Кутеж трех князей в зеленом дворике


   Мы прикатили на трех машинах в это уединенное абхазское село по причине, которая сейчас совершенно выветрилась у меня из головы. Точнее всего, никакой причины не было. Один из участников нашей компании был приглашен к своему родственнику, а нас он просто прихватил по дороге.
   Нас было человек восемь. В общем что-то вроде этого. Точно не помню. Да и какое это имеет значение? Одним словом, нас было больше пяти, но меньше десяти человек. Во всяком случае, толпы не было. Но какова память. Собираюсь рассказать о людях, с которыми кутил, а, сколько их было, не помню. Нет, в процессе рассказа я их, вероятно, всех вспомню, но так сразу собрать их в голове не могу.
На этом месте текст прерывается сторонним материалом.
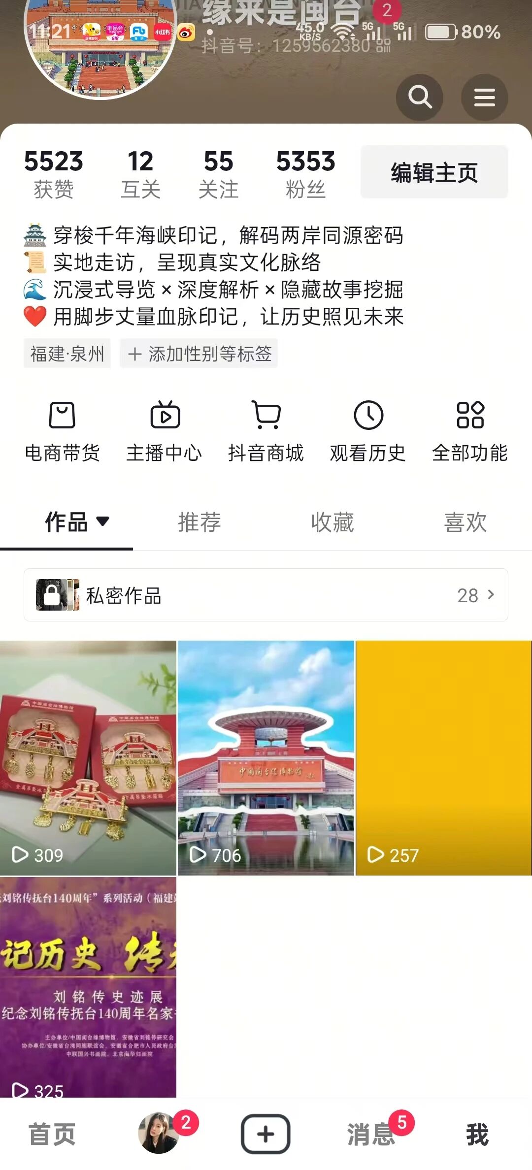 7月29日至8月7日,实践团先后开展4场直播,累计时长超8小时,以“预览博物馆+文创分享”双主题形式,带领观众“云逛”闽台缘博物馆。

   Чувствую, что сейчас начну признаваться в своих слабостях. Старый испытанный прием. На нем я в свое время сделал свою литературную карьеру. Я думал, что этот прием уже себя исчерпал. Но, оказывается, нет. Оказывается, этот прием вообще неисчерпаем. Читателю приятно чувствовать себя несколько умнее автора. От этого он испытывает удивительный приток энергии, веселья и в конечном итоге благодарности автору. А автору, в свою очередь, приятно, что ему удалось слегка задурить голову читателя. Он от этого тоже испытывает веселье. Вот так, взаимно взбодрившись, мы, глядишь, скоротаем вечерок.
   Я поражаюсь одному факту: как это я довольно прилично дожил до зрелых годов, прилично по нашим условиям, не помня ни одной даты, ни одной цифры, ни одного телефона, ни одного адреса, ни одного имени начальника, кроме Абесаломона Нартовича, с которым меня жизнь неоднократно сталкивала.
   Пожалуй, из дат я помню, что в 1812 году была Отечественная война с Наполеоном. А в 1941 году началась Отечественная война с Гитлером. Еще я, конечно, помню, что в 1917 году была Октябрьская революция. Все – больше из дат ничего не помню.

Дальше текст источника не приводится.